Poems
by ClairE Helakoski
Ouroboros
My son might have something terrible
where his body attacks itself, circles around
and bites, too many white blood cells.
And if he does, our lives might be hospitals and infections.
And if he does, I gave it to him from my genes,
a poison I grew inside of him as he grew inside of me.
I am living in a box with no windows or air holes,
it’s dark and I am afraid, I can’t breathe,
but I am most afraid of the box being lifted,
of seeing a future where my son is sick,
of the overbright light of a situation I created,
birthed into being. Of the truth that my son might die
just because of the strands I passed down, the helix roots
of something evil, and perhaps this is Eve’s bite
of the apple because mothers give life to their children
and something sinful might be living inside,
a snake of DNA and we have given it,
we have given it to all of humanity,
a twisting darkness that will go on and on and on.
I Depend On Things Like
A button re-sewn—red thread on a navy shirt,
How her hands wind the string and press the tea bag
against the spoon. A heart-shaped birthmark
right at the crease of the upper thigh.
Scattered footprints of a joyful dog in snow.

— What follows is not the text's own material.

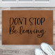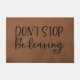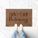 Funny quote, "Don't Stop Be leaving" typography on a light brown faux leather background.
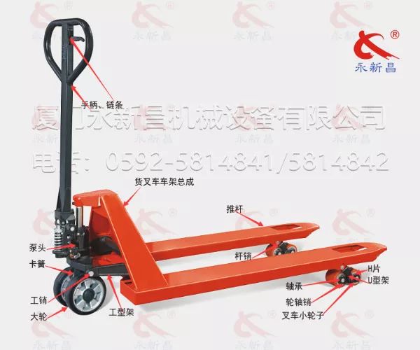 五、手动叉车配件还有轮轴销、H片、U型架、轴销、卡簧、开口销、推杆、杆销、工型架、工销、手柄总成、液压泵头总成、货叉车架总成等等。

A bird that flutters against my boots,
flashing its yellow-tinted wings.
Beaded mist against red spring branches.
Things like these lift me
on days of wear and weariness.
Despite the dirty dishes, skinned knees,
bucked bedtimes, crusted playdough.
Amidst the bombs and carnage,
people starving, drowning, dead,
still there exist toddlers' silken pigtails,
the exuberance of forsythia in spring,
and if ever things like these don’t lift my lips,
I will pick up a stone and peer beneath,
or throw it, just to hear the sound,
or pocket it: ballast, to keep me standing.
Forest Hymn
Walking over rib bones
of a railroad skeleton.
The forest a cathedral
resplendent as stained glass.
A reverence, a silence
more lovely than bells.
Looming black and chrome,
specter of an ancient car
amidst trees and bark,
pure as virgins. Lacework
of canopy, embroidered leaves
along the path. We bow our heads
under crossed branches. Spirits of
birch sing a chorus. I step along
crosstie vertebrae made verdant,
a history reshaped and rooted
in soil. Burial mounds of industry
haunt this hallowed hush.
Ghosts are holy here, in the forest
everything has an afterlife.
​​​​​​BIO
Claire Helakoski lives in Hancock, Michigan, and teaches writing classes along with acting as Assistant Writing Center Director at Michigan Technological University. Claire has an MFA in Creative Writing and a BA in Creative Writing and French Linguistics. Her poetry has recently appeared in In Parentheses. She lives with her husband, two children, and a golden doodle.